Java Design – Class Design with Bi-Directional Relationships

designjava

This is a purely design question.

I want to port a nice educational "game" Bug Brain to Java. In this game you design neural networks which consist of three elements: neurons, nodes and synapses.
Neuron is used to perform some kind of processing on its input signals to produce the desired output; it can be connected with other neurons/nodes (connections are uni-directional and weighted). We can think about nodes can as of junctions – they can also be connected with other neurons/nodes (and these connections are also uni-directional and weighted), but the weight of we cannot change weights of input connections. Synapse is a connection between these two elements.
To sum up: neurons and nodes have both inputs and outputs (to other neurons/nodes) and they do some inputs->outputs processing.

Q: Now, how would you design this class structure?
This is a sketch I "produced" so far:
screenshot of the design

Because the operation "connect two joins (i.e. neuron/node)" has three responsibilities (add synapse, add output to join A, add input to join B) I've decided to put it as a static methid in a controller class.
Of course I could avoid such two-directional relationships between elements: I don't have to keep track of outputs, only inputs but there are some other limitations eg. there can be only 8 I/Os per join so then I'd have to iterate over all synapses every time I add a connection to see if there is still some place to add it.
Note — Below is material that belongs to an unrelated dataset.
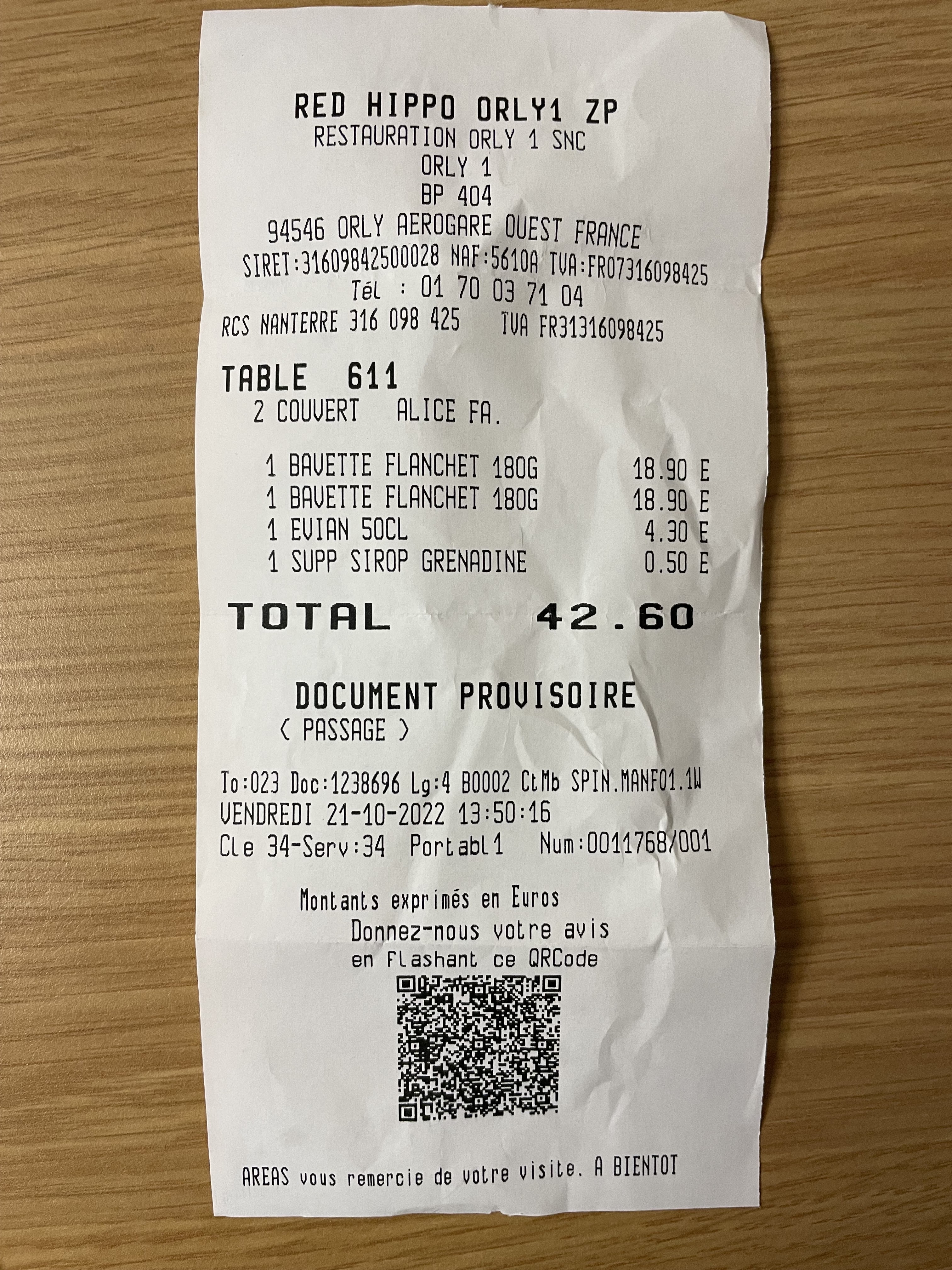 Bonjour Dommage que ce restaurant est fermer temporairement, car nous avons repris nos vol sur orly 1 en voyage d affaire , ns savons plus ou manger le soir a l aeroport, vivement la reouverture de cet brasserie red hippo

In this case (this game) you won't have too many connections so it would not hit performance, but I'd like to know how to deal with such situations in general.
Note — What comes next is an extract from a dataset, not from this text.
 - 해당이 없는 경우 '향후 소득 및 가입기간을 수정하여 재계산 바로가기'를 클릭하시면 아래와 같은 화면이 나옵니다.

As it's the foundation of this whole logic of this project I'd like to have it properly made. All suggestions are warmly welcome 😉

Best Answer

Bi-directional associations in a class design are possible, but they always come at a hefty price, which you should know and must be willing to pay.
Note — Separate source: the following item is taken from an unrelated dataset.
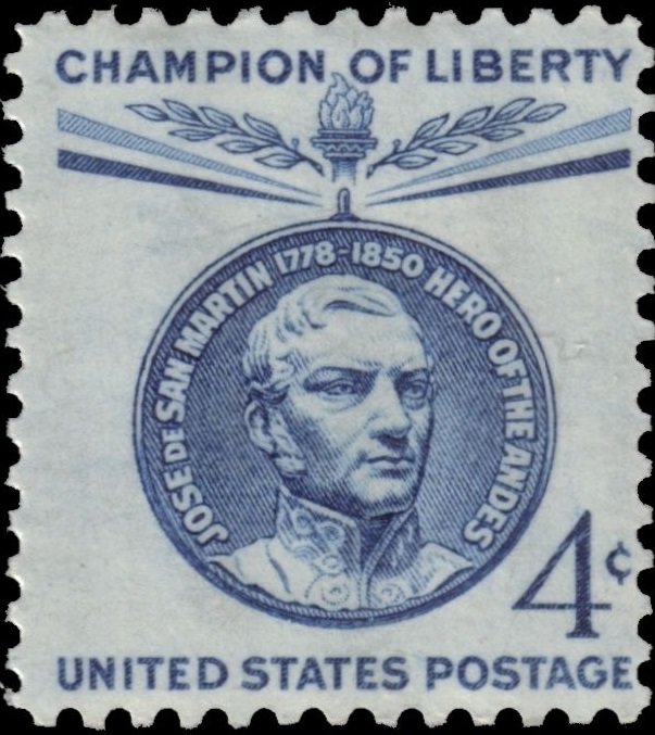 Visibility: public Image owner: none postage 2/25/1959 4c bl dt=Champion of Liberty d=San Martin medallion unwmk Crops No visible images cropped from this one. Measurements Resolution is unknown. Source Source name: Colnect File URL: http://i.colnect.net/b/4099/296/Jos-eacute--de-San-Mart-iacute-n-1778-1850-Argentine-political-leader.jpg Uploaded June 17, 2017, 6:00 pm by Stan Shebs |

Generally, I like to avoid bi-directional associations with the only exception being performance. As you have mentioned, without knowing the other directions, you may have to loop through all the other objects to find the right one (or count them in your case). This may be costly, but it can also be worked around in other ways than creating a bi-directional relationship (f.ex. association classes with caches).

As you may well get hundreds of synapses, it certainly isn't good to loop over them to be able to check if something is connectable, so I think your bi-directional association may be a valid option here. It depends on what exactly you mean with this game

won't have too many connections.

If you can afford the looping, then I suggest you do so. If you do keep the bi-directional relationship, you will have to be extremely careful to keep your model consistent. Each time you touch one of these associations, you must ensure that you atomically update the whole model to become consistent again.

It's hard enough to ensure that each and every modification is correctly mirrored for all involved objects / associations, but once you add concurrency to that it gets even more ugly, because you do not ever want another thread to see the model in an intermediate state, where just one direction has been added/removed yet.

Even if you use tools like Hibernate, which support the bi-directional relationships out of the box, you get other trade-offs. For example, if you combine Hibernate with eager fetching you may well end up reading your whole neural network from the database, whenever you just call for one join. That's all part of the price to be payed.

Also note that omitting the bi-directional relationship and adding some helper class which keeps track of the number of inputs/outputs instead is not a good idea. For one, you split up the responsibility for consistent model updates to something outside of your main model, and second, the involved logic to keep things consistent needs to be added either way. You may accept the poor looping performance, or you may reasonably improve it by some cached lookup that is easier to update and need not necessarily be complete.

As a summary: Bi-directional relationships are possible, but should only be considered, when you cannot work around their absence in a feasible way.